I can say with certainty that the extra power consumption of the processor doing a timing loop pales into total insignificance when compared to the power used to keep the shutter open. The processor is already running (and will do so even if bulb is used) and such a timing loop will not cause any additional power drain.


----------



## dak723 (May 15, 2017)

You could always ask Canon. They might welcome your input as well.


----------



## weixing (May 16, 2017)

Hi,
IMHO, they had to stop somewhere for the Tv and since the incremental is either 1/3 or 1/2 stop depend on your settings, 30s look like a good choice.

Anyway, most newer model had a bulb timer which you can set the exposure time longer than 30s, but too bad, they can't work with the in-camera interval mode, so if you need to shoot interval shot of more than 30s exposure each, you still need an external intervalometer. 

Have a nice day.


----------



## Ray-uk (May 16, 2017)

iohansen wrote:

I can say with certainty that the extra power consumption of the processor doing a timing loop pales into total insignificance when compared to the power used to keep the shutter open. 
---------------------------------------------------------------------------------------------------

Most electronic shutters don't work like that, one electronic pulse will briefly activate a solenoid that cancels the action of a holding magnet, this releases the first shutter curtain exposing the sensor. After the allotted time another pulse releases the second curtain which ends the exposure. Both curtains are then reset to their original positions by the mirror drive mechanism. There is no continuous current drawn holding the shutter open.

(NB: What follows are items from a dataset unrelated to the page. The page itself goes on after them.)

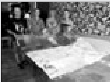
I creativi di Latina

I 150 anni dell'Unità nazionale vedono protagonista anche la città di Latina, grazie all'iniziativa «Tre colori, una bandiera e un sacco di artisti»: un evento itinerante, che coinvolge centinaia di creativi di tutta Italia, impegnati a interpretare il tricolore e ciò che rappresenta per loro. Sabato scorso la bandiera è arrivata a Latina, dopo un lungo viaggio iniziato il 17 marzo scorso, giorno del 150esimo anniversario,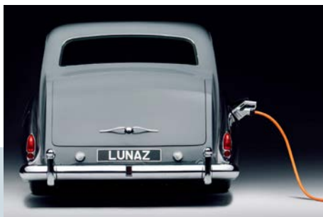
Het Britse LUNAZ bouwt klassieke Jaguars en Rolls-Royces om naar elektrische aandrijving.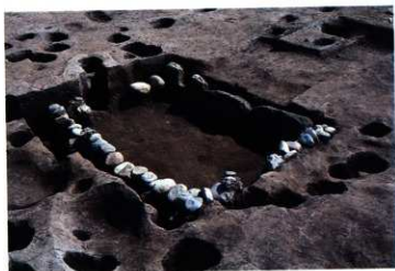
SK242 完掘状況（北西から）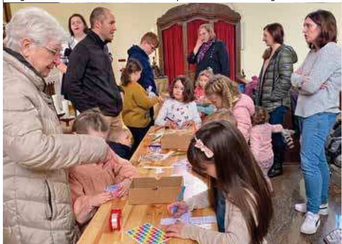
Célébration œcuménique pour petits à Niederroedern « Les Rameaux »

Most Canon DSLRs in live view operate slightly differently using what is called an Electronic First Curtain Shutter where the first curtain is locked open and start of the exposure is controlled by electronically switching the sensor then the second curtain closes to end the exposure. Some Nikons (& possibly Canon) use this method when in mirror lock up mode.


----------



## LDS (May 16, 2017)

mbiedermann said:


> Regarding camera meters not being able to meter at that shutter speed, if external, handheld meters can, then so should cameras.



30" at f/1.4 is EV -4. How many meters can go lower? An external meter like the Sekonic L-858D-U goes down to EV -5, just one stop lower. Canon 1Dx Mk II and 5D Mk IV just goes down to EV 0, so they wouldn't be able to meter that low.

Sure, 30" at f/11 is EV 2, so cameras usually meters, but in low-light conditions (including a strong ND filter), going past 30" even at full aperture very few meters will still be useful. So, it could be useful in manual mode, but expecting it to work in shutter priority mode and low-light won't work.


----------